Teaching an undergraduate survey course like I do every fall presents a couple of challenges. For one, there’s the problem of what to include. I’m the only one in a relatively small department of eight full-time faculty who specializes in American literature prior to the Civil War, and, unless our majors elect to take one of my 400-level courses, the required survey represents their primary exposure to texts and authors from that period. As a consequence, I feel a responsibility both to cover canonical figures and works by lesser-known authors, especially women and writers of color less familiar to students from high school curricula. A second and related challenge involves helping my students to understand why anyone would want to devote sixteen weeks to studying early American literature in the first place. Although most of my students are too polite to pose that question, I sometimes get the impression that, to paraphrase one of my colleagues, they regard difficult historical texts as “literary spinach,” as something that’s good for them because that’s what they’ve always been told.
I attempt to address these two challenges in my survey course by explicitly foregrounding questions of literary value—i.e., why it is that we value certain texts, and how these values shift over time. We spend some time on the first day of class discussing different ideas about why early American literature matters, and whenever possible over the course of the semester, I try to help them see the continuing relevance of key ideas and tropes (e.g., the roots of the discourse of American exceptionalism in John Winthrop’s “city on a hill”). Like I did last fall when I first participated in “Just Teach One,” I gave my students this term an opportunity to consider for themselves questions of literary value by designing a meta-critical assignment that asked them to think like literary historians. More specifically, I had them write an essay in which they made a case for the significance of St. Herbert by considering both how it is similar to other texts we had read and discussed and, just as crucially, what new insights it might contribute to our ongoing conversation about American literature and culture.
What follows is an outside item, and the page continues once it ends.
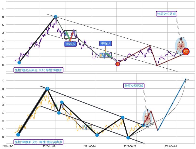 ➢ 缠论买卖点:下降缠:临近3买-猜想击穿突破3买后延续上涨趋势(大周期趋势均值回复后小周期持续趋势跟踪)

Even though St. Herbert chronologically would fall early in the sequence of readings we cover in the survey, I made these papers due toward the end of the semester so that they would have plenty of material upon which they could draw. On the day the papers were due, we used what they had written as a starting point for a discussion in which we explored some of the ways in which St. Herbert anticipates and echoes some of the key themes and patterns we had encountered elsewhere.
We had spent a couple of weeks earlier in the semester looking at the rhetoric surrounding Indian Removal and the trope of the “Vanishing Indian,” so I wasn’t surprised that a number of students chose to focus in their papers and our subsequent discussion on Ludono. One student pointed out how the novel rather surprisingly grants Ludono “the authority to define the religious framework” of his interactions with St. Herbert, noting, for example, the significance of the episode with the Spirit of the Lake, as well as the fact that when the two characters first meet, Ludono corrects St. Herbert’s mistaken assumption that he “goest [to the mountain] to pay homage to the new moon,” using the misunderstanding as an occasion to teach his white companion about his beliefs (26). Ludono thus, this student suggested, may be a more challenging figure than he first appears. Other students took our conversation in different, equally productive directions. A few focused on how the novel’s portrayal of companionate marriage and of St. Herbert’s rejection of hereditary privilege in favor of self-determination (both represented in positive terms, but also as a source of pain and suffering) would seem to correspond to the sense of promise and anxiety that accompanied the new nation’s struggle to define itself as independent from European traditions and monarchical rule. A third issue that came up in student papers and during our discussion was St. Herbert’s depiction of solitude in nature, with one student going as far to read the novel’s titular melancholy hermit as the antitype of Thoreau at Walden Pond.
As fascinating as these different avenues of inquiry were, I was also struck by what got left out of the conversation. My students, for instance, didn’t ultimately have much to say about the novel’s use of gothic and sentimental conventions. We touch on both of those genres during the course of the semester, though perhaps not to the extent that we could. Indeed, given how much my students seemed to get out of our discussion of St. Herbert, it occurs to me that it might make sense to cut some of the non-fiction we read in the course (especially in the first part of the semester) in order to make room for more early examples of fiction, and for a more sustained investigation of the relationship between generic conventions and the different types of cultural work that texts from the period performed.
In short, I’d say that I have come to see participating in “Just Teach One” as useful not just because it provides me with an excuse to incorporate a new text into an already overstuffed calendar of readings, but because it allows me and my students to interrogate our sometimes unexamined assumptions about literary value. Although my assignment isn’t perfect (and I’ll no doubt tinker with it if I choose to assign something like it again), it gives me a chance to survey the terrain of my early American survey, to reflect on what my students are learning and where there might be gaps I could address in future iterations of the course. I should also add that this assignment yields relatively interesting and original essays (at the risk of sounding glib, there are only so many term papers I can read about Hawthorne’s vexed relationship with his Puritan ancestors, no matter how well-written those papers may be). For those reasons, I hope to “Just Teach One” again in the future, as I continue to rethink what it means to teach an undergraduate survey and how I can make the course more meaningful for my students.